Long-Term Results Compared to Manual Surgery
At the two-year mark, patient-reported outcomes for robotic and conventional knee replacement are essentially the same. A study tracking pain, stiffness, and physical function scores at 3, 12, and 24 months found no significant differences between the two groups. Range of motion, complication rates, and hospital stay were also comparable.
This may seem surprising given the precision advantages, but it reflects how effective conventional knee replacement already is. The procedure has been refined over decades and works well for the vast majority of patients. Where robotic assistance may matter most is in reducing outliers: the small percentage of cases where manual alignment falls outside the ideal range, potentially leading to earlier implant wear or revision surgery.
Risks Specific to Robotic Surgery
Robotic knee replacement carries the same general surgical risks as any joint replacement: infection, blood clots, stiffness, and nerve injury. But it also introduces a few risks specific to the technology. The navigation pins placed into the bone during surgery create small holes that can, in rare cases, become stress points. Pin-hole fractures of the femur or tibia are one of the most concerning complications, though surgeons reduce this risk by placing pins in areas of thicker, stronger bone near the joint rather than along the thinner shaft.

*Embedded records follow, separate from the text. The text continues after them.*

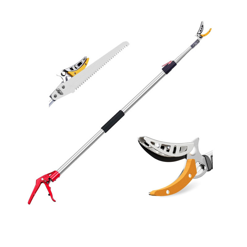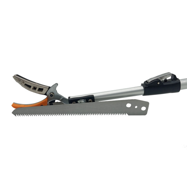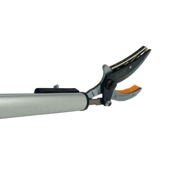 Magassági mellévágó metszőolló tapadásmentes pengével, műanyag fogantyúval és teleszkópos alumínium nyéllel ellátva.A könnyen felszerelhető pengével ágfűrészként is használható.
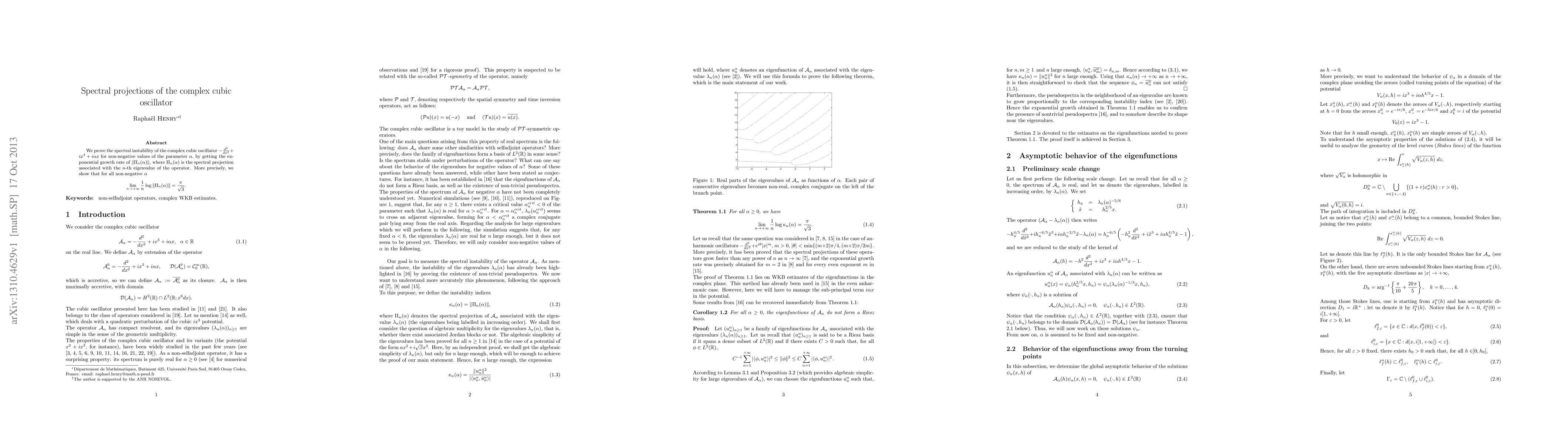 We prove the spectral instability of the complex cubic oscillator $-\frac{d^2}{dx^2}+ix^3+i\alpha x$ for non-negative values of the parameter $\alpha$, by getting the exponential growth rate of $\|\Pi_n(\alpha)\|$, where $\Pi_n(\alpha)$ is the spectral projection associated with the $n$-th eigenvalue of the operator. More precisely, we show that for all non-negative $\alpha$ \[ \lim\limits_{n\to+\infty}\frac{1}{n}\log\|\Pi_n(\alpha)\| = \frac{\pi}{\sqrt{3}}. \]
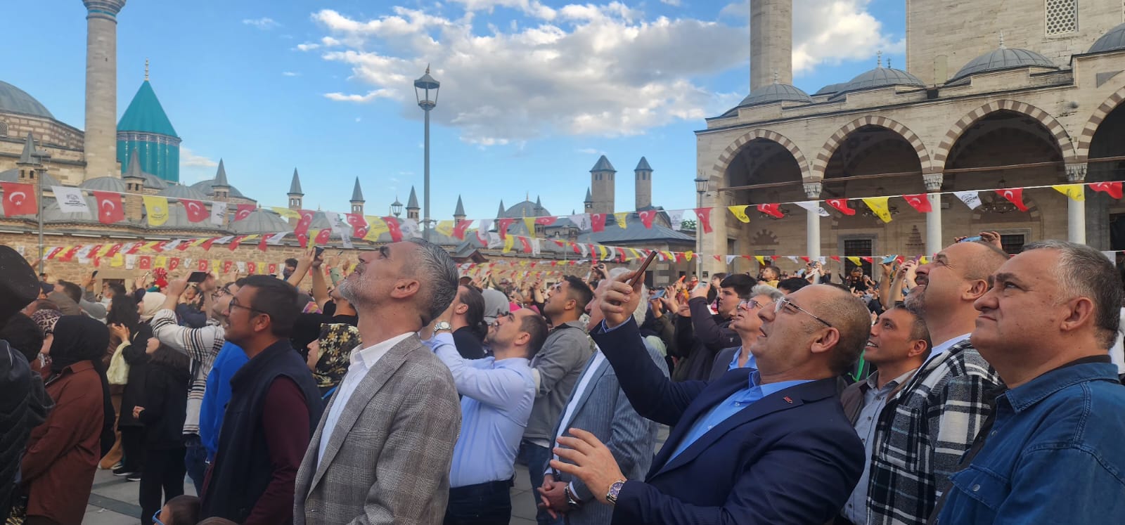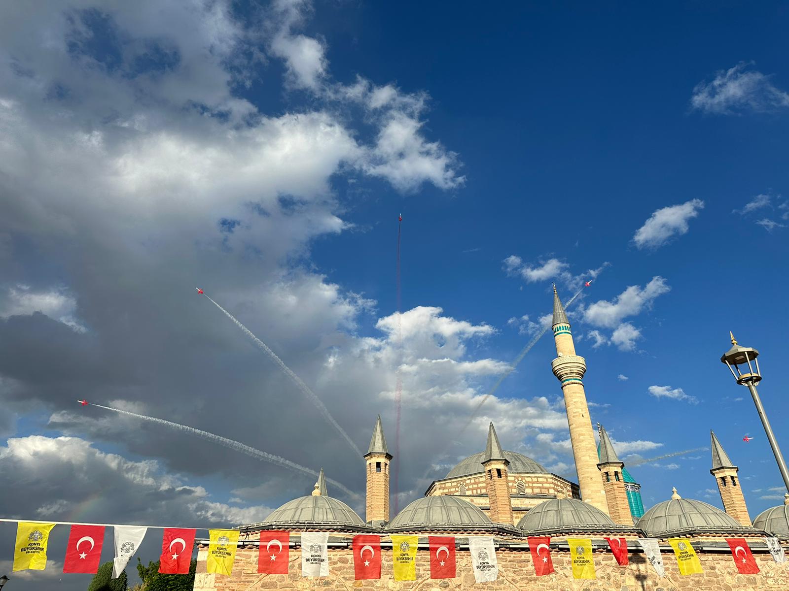 Konya semalarında düzenlenen uçak gösterilerinde pilotlar, Mevlana Müzesi ve tarihi Selimiye Camii üzerinden akrobatik uçuşlar yaptı.Jetlerin gösterisini izlemek için meydanı dolduran kalabalık, bu anları heyecan ve ilgiyle takip ederek cep telefonu kamerasıyla kayıt altına aldı.
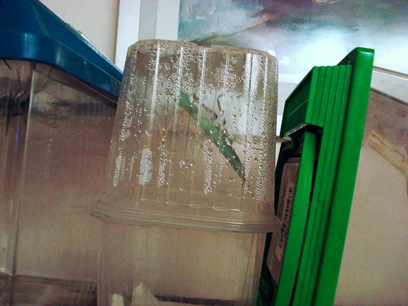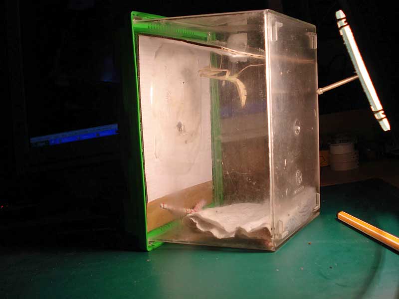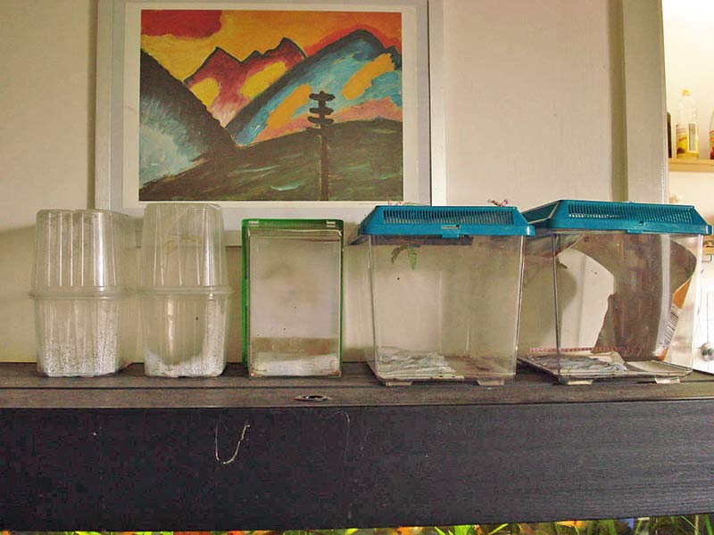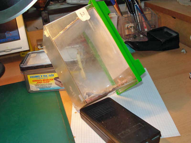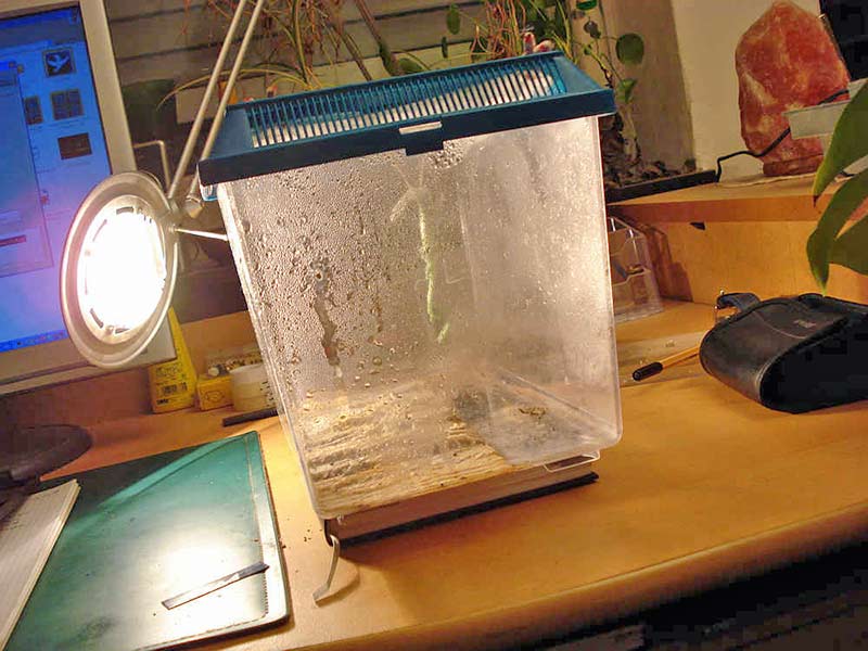 Ich befürchte daß die Eierablagebox ausgetrocknet ist; die Mühe der Weibchen bis jetzt war also leider umsonst. Mich wundert sowieso dass die überhaupt noch legen,
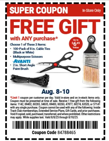 Here is the Harbor Freight FREE Item Coupon for this weekend in case you haven't gotten it already. It was supposed to be NO Purchase necessary but I guess some greedy executive changed it because MONEY!!!! So they made it with "ANY" purchase instead. Enjoy!!!
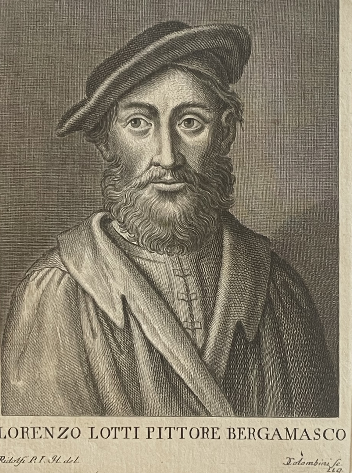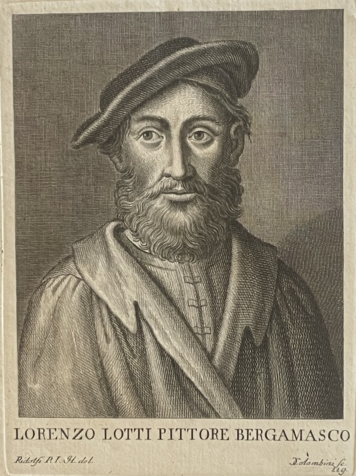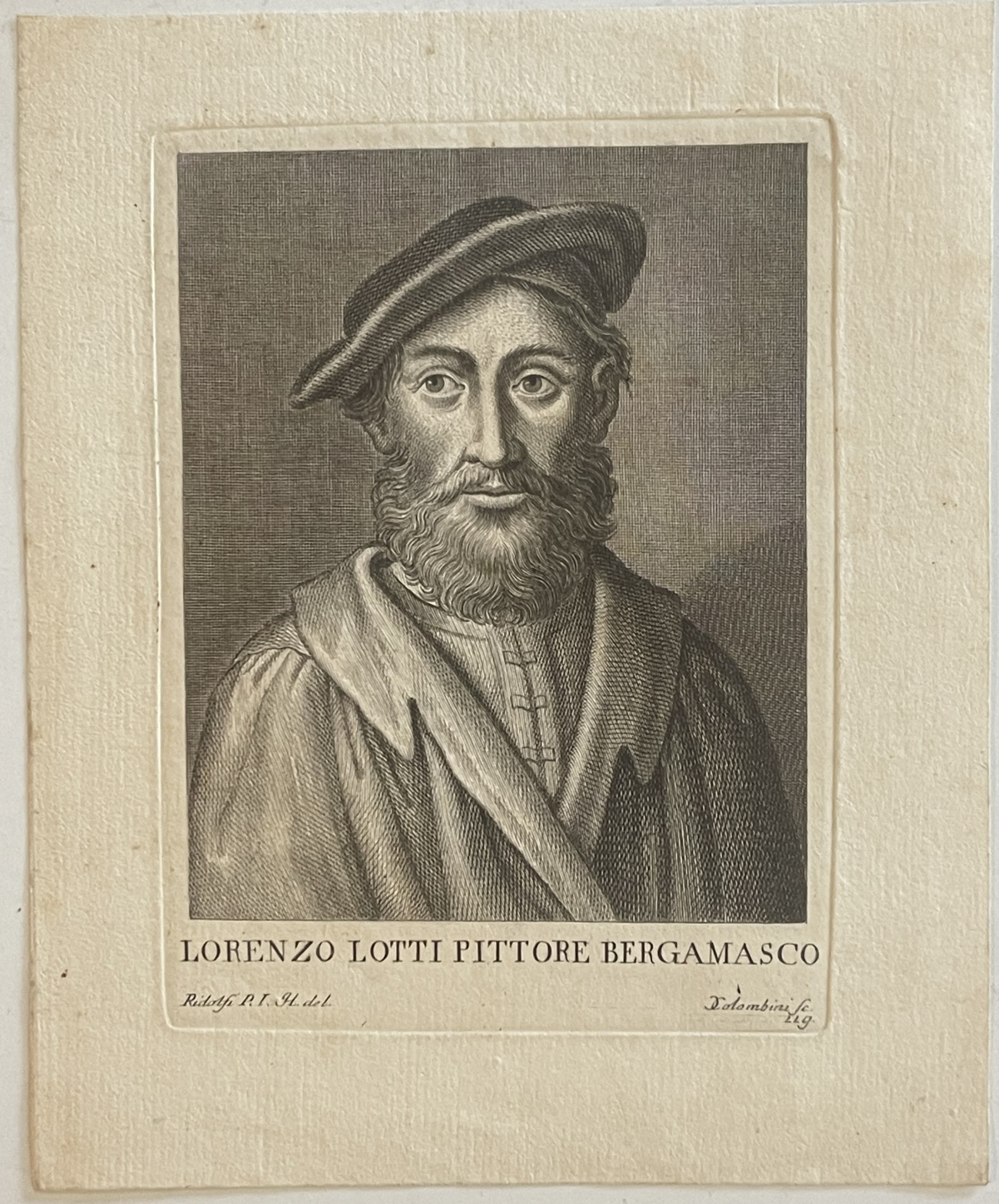 Je vous propose cette Superbe gravure originale du XVIIIe siècle, représentant Lorenzo Lotto (1480â??1556) peintre de la Renaissance italie né à Bergame.

Pin-site infections are another possibility. Soft tissue injuries, including patellar tendon rupture, patellar dislocation, and peroneal nerve damage, have been reported, particularly with fully autonomous robotic systems where the machine performs some cutting steps without direct surgeon control. In some cases, technical difficulties force the surgical team to abandon the robotic approach mid-procedure and switch to conventional instruments.
Insurance and Cost
Medicare covers robotic knee replacement under the same rules as traditional knee replacement: the procedure must be medically necessary and performed at an approved facility. Medicare Part A and Part B generally cover it. Medicare Advantage plans (Part C), which are run by private insurers, must cover everything Original Medicare does but may have different networks, prior authorization requirements, or out-of-pocket costs for robotic procedures specifically.
Private insurance coverage varies by plan. The robotic technology itself adds cost to the procedure, including the system’s purchase or lease, maintenance, and disposable components. Some hospitals absorb this cost, while others may pass a portion along. If you’re considering robotic surgery, it’s worth confirming with both your surgeon’s office and your insurer whether the robotic-assisted approach changes your expected costs compared to a conventional replacement.
Who Benefits Most
Nearly anyone who is a candidate for traditional knee replacement can be considered for the robotic-assisted version. The technology doesn’t change who qualifies for surgery; it changes how the surgery is performed. That said, the precision advantages may be most meaningful for patients with unusual anatomy, significant deformity, or prior knee surgery where accurate planning and execution are more challenging.
The surgeon’s experience with the specific robotic platform also matters. Like any technology, there is a learning curve. Studies show that alignment accuracy improves as surgeons gain more cases with a given system. Choosing a surgeon who has substantial experience with their robotic platform is at least as important as choosing robotic surgery itself.